The cheapest charger may only get Nimh near 90% charged if its a Nicad
profile
The cheapest slowest dumb chargers can easily overcharge a NIMH
battery. That is why they are dumb. By using the timer set for just a
couple hours a day you nullify any damage caused by overcharging.
For my RC cars and a dumb charger I used to measure voltage, when it
dropped the slightest amount they were charged, that is also when they
get warm, but temp is hard to monitor when batteries are in a charger
that produces heat itself. The best chargers would have to measure
voltage and compute when peaking occurs by voltage drop, the temp
method I dont trust. My sony cameras came with good inexpensive
chargers for NimH

Both my NiMH chargers monitor for the voltage change. I don't think
it's foolproof. Occasionally over the years when charging seemed to
take too long, my cells felt too hot.
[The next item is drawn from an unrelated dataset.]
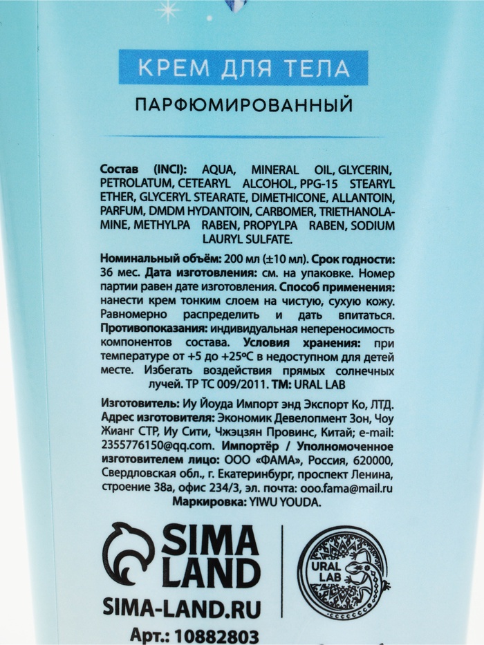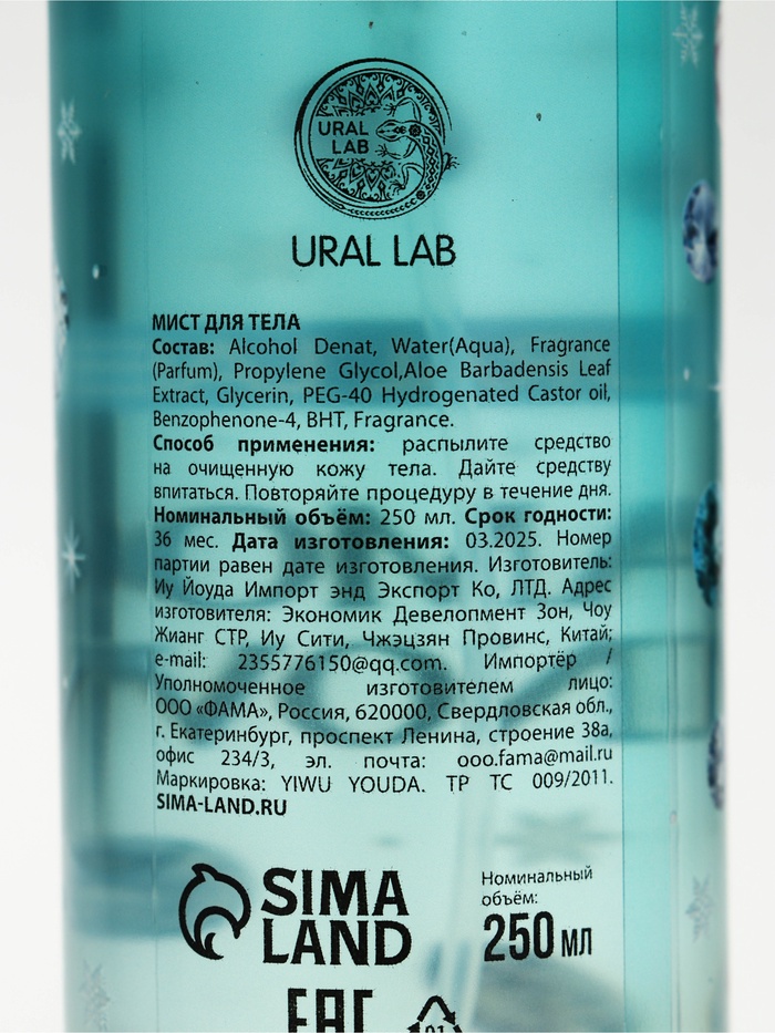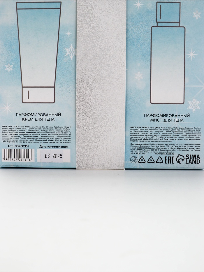 Технические характеристики Подарочный набор: парфюмированный мист и крем для тела, 2×200 мл, URAL LAB

If I were charging manually, I
would scan the pack with an infrared thermometer. That should show when
the temperature of a cell rose.- Hide quoted text -

- Show quoted text -


Mine get warm but its the charger itself thats warm also, in RC packs
the pack is outside the charger so the chargers heat cant affect them.
You could attatch leads of a V meter, I place the thin probe in as im
placing the AA cell in my cheap sony charger, then you can monitor
when voltage peaks and starts to drop a few hundreths of a volt, as it
peaks the battery heats , thats when charging is 100%. The method is
accurate but how accurate is any charger, there are defects made all
the time.


When my charger stays on much longer than usual and the cells are hot, I
remove them, wait a minute, and reinsert them. Within a minute, the
charger will shut off. To me, that's evidence that the cells were
charged but the voltage drop was not detected.

I believe bubbles can form in nickel batteries during charging. I think
they can sometimes keep the charger from seeing a voltage drop at the
end of a charge. Touching to see if a cell is hot is how I detect a
problem. In the future, I'll look for a charger that monitors temperature.